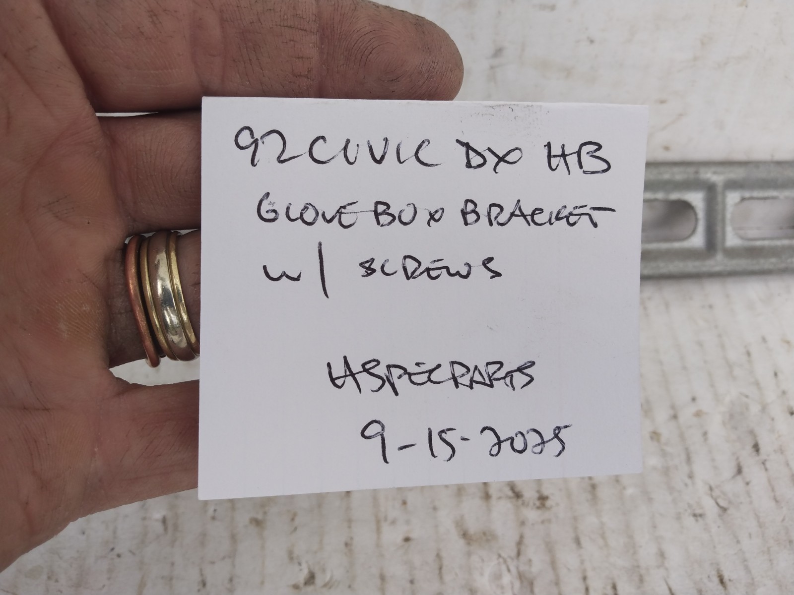 GOOD USED CONDITION. OEM GLOVE BOX BRACKET WITH SCREWS. FROM A 1992 CIVIC DX HATCHBACK. WILL FIT 94-95 CIVIC BUT KEEP IN MIND IT DOESN'T HAVE THE HELPER ARM/SHOCK. SHIPS USPS WITHIN A BUSINESS DAY OF PAYMENT.
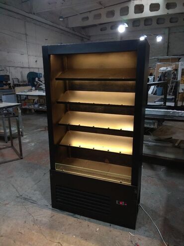 - Açıq önlü şkaf tipli soyuducu (multideck): bir neçə səviyyəli rəf, alt bölmədə kompressor bölməsi, daxili LED, elektron göstərici.
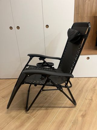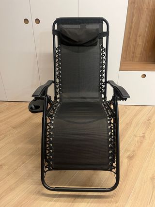 Tumbona Jardin Exterior, Sillon Gravedad Cero, Sillones Plegables, Hamaca, Silla Jardin Exterior, Terraza, Camping, Acero Ligero, Portavasos Incluido. Ideal para relajarse en el jardín o la terraza. Su diseño permite un fácil transporte y almacenamiento. - Estructura metálica resistente. - Tejido de malla transpirable. - Reposacabezas acolchado. - Reposabrazos con portavasos. Usado 6 meses. Solo se ha destensado un poco la goma del reposacabeza (foto 5).
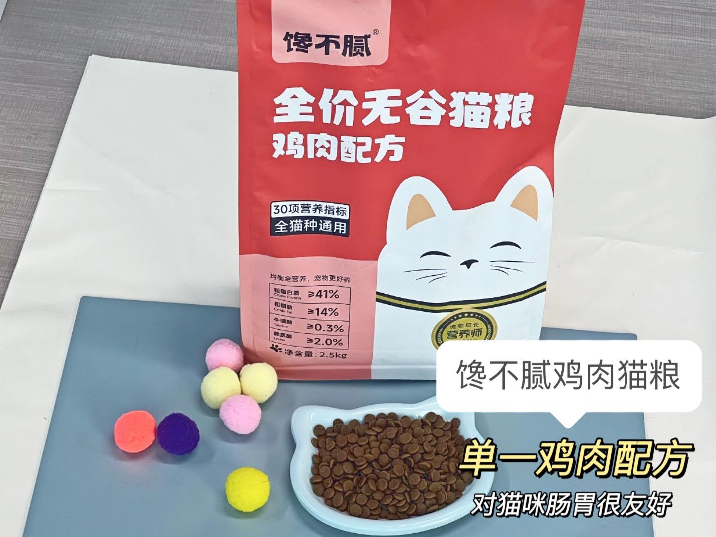 優點:單一肉源,以雞肉爲主要原料,高達83%的動物原料。其中含鮮雞肉32%,12%雞胸肉,肉含量高,粗蛋白≥41%,粗脂肪≥14%,配比科學合理,營養豐富。特別添加益生菌和腸道調節成分,有助於改善貓咪腸胃問題。而且貓糧適口性佳,顆粒適中,貓咪愛不釋口。
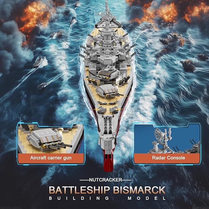 NUTCRACKER Battleship Bismarck Building Set for Adult, Large MOC Military World Missouri Battle Ship Model, Display Battleship Toy Building Set, Christmas Birthday Gift for Men Teens Boy (2228 Pieces)
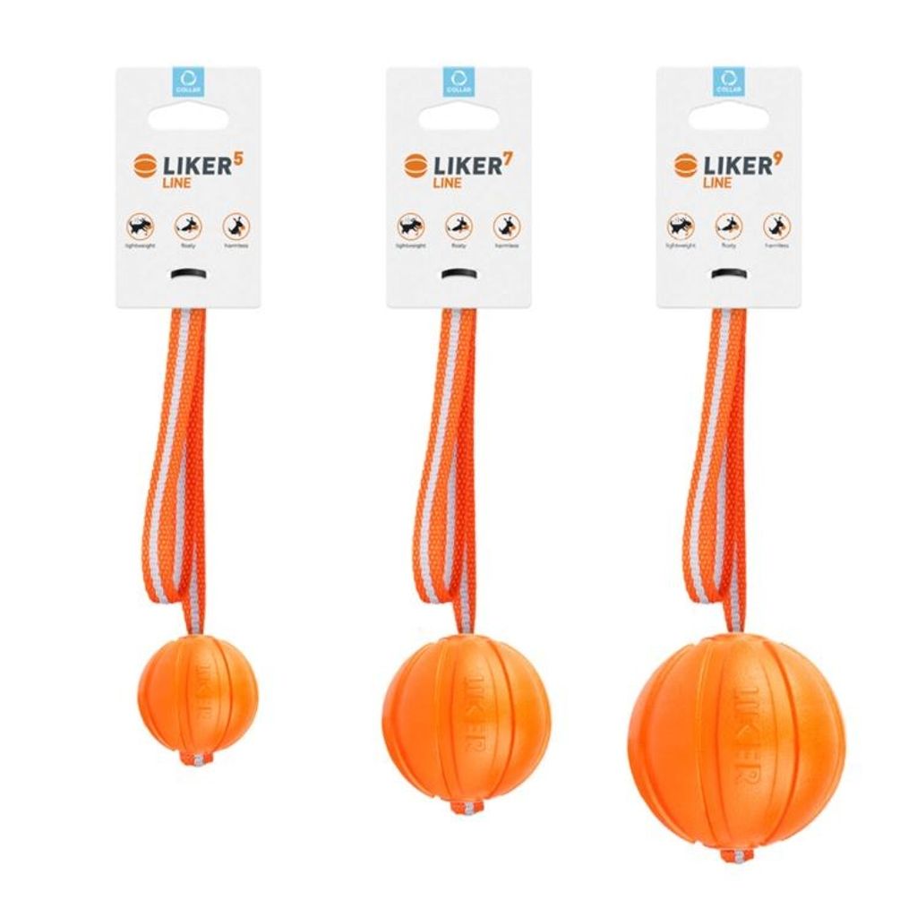Lättviktig boll med bra studs som är fäst i ett tåligt band. Bollen är tillverkad av ett unikt material som är otroligt slittåligt och samtidigt lätt mjukt, vilket gör att hundens tänder sjunker ned lite när den biter tag i bollen, vilket uppskattas hos hundar.
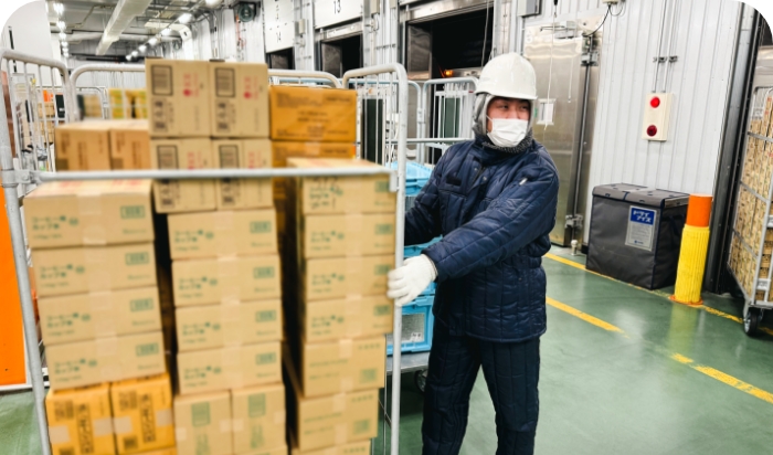 アイスクリーム、氷、冷凍食材など冷凍商品の整理や仕分けを担当します。冷凍庫内であっても安心して働けるように、防寒具や手袋を貸与し、短いスパンで休憩を設けるなどの仕組みをセンターごとに整えています。

- **Your objective**: Please output the lines of the records above from the one with "NUTCRACKER Battleship Bismarck" through the last, exactly as they appear and with both ends included; skip any pictures and add nothing.

- **Answer for this exercise**:
 NUTCRACKER Battleship Bismarck Building Set for Adult, Large MOC Military World Missouri Battle Ship Model, Display Battleship Toy Building Set, Christmas Birthday Gift for Men Teens Boy (2228 Pieces)
Lättviktig boll med bra studs som är fäst i ett tåligt band. Bollen är tillverkad av ett unikt material som är otroligt slittåligt och samtidigt lätt mjukt, vilket gör att hundens tänder sjunker ned lite när den biter tag i bollen, vilket uppskattas hos hundar.
 アイスクリーム、氷、冷凍食材など冷凍商品の整理や仕分けを担当します。冷凍庫内であっても安心して働けるように、防寒具や手袋を貸与し、短いスパンで休憩を設けるなどの仕組みをセンターごとに整えています。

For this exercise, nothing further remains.